Many US consumers got head start on 'Black Friday'
"Black Friday" has kicked off with a new batch of "doorbuster" sales and promotions, but online shopping data show that US consumers have already been spending big for weeks.
E-commerce shoppers in the United States have already spent $76 billion since early November, up more than 20 percent from the year-ago period, according to data from software company Adobe.
The jump has added to retailer optimism about the season, suggesting some shoppers heeded calls from chains to purchase items early this season after port backlogs and other supply chain problems prompted worries earlier in the fall about widespread shortages.
Toys led the buying spree, jumping some 261 percent compared with November 2019, with Adobe pointing to actions by "anxious parents increasingly aware of supply chain challenges."
The National Retail Federation projects overall spending could rise as much as 10.5 percent to $859 billion.
Retailers and market watchers are broadly optimistic about the holiday shopping season in light of low unemployment and relatively strong household finances, due in part to US pandemic relief programs.

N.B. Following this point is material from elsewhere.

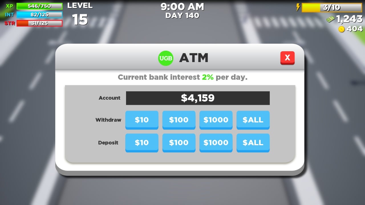 Super Life (RPG) – казуальный симулятор прогресса. Геймеру предстоит выбрать своего персонажа из предложенных вариантов (имеется и женский, и мужской пол), и развивать его различные показатели, будь то интеллект или силу тела. Инди-разработчики позаботились о том, чтобы разнообразить прохождение, поэтому добавили выбор перка: "удачливый", больший шанс на случайное событие, "богатый", 5 тысяч долларов в кармане, "ботаник", +2 к интеллекту при занятии в школе, и "качок", +2 к мощности при посещении спортзала. Эти пассивные бонусы помогают удачно стартовать и планомерно развиваться в выбранном направлении. Главный герой проживает в миловидном городке под названием "Sun Villa". Он интересен тем, что здесь проживают открытые личности, желающие заводить знакомства и помогать.

Countering those positive trends are spiking consumer prices that have affected household staples such as food and fuel, and lingering supply chain problems that are leading to frequent "out of stock" notices on websites and in shopping aisles.
Another wildcard has been Covid-19. On Friday, global stock markets tumbled on worries the latest strain of the virus found in South Africa could derail the global recovery.
To navigate these difficult conditions, retailers have taken extraordinary steps such as importing and storing items earlier than usual, ordering shipments by air freight and in some cases even chartering their own vessels.
But chains have had mixed results when it comes to ensuring supply, with big box stores such as Walmart and Target building inventories, but some other outlets such as Gap and Nordstrom reporting lost sales due to gaps in their stock.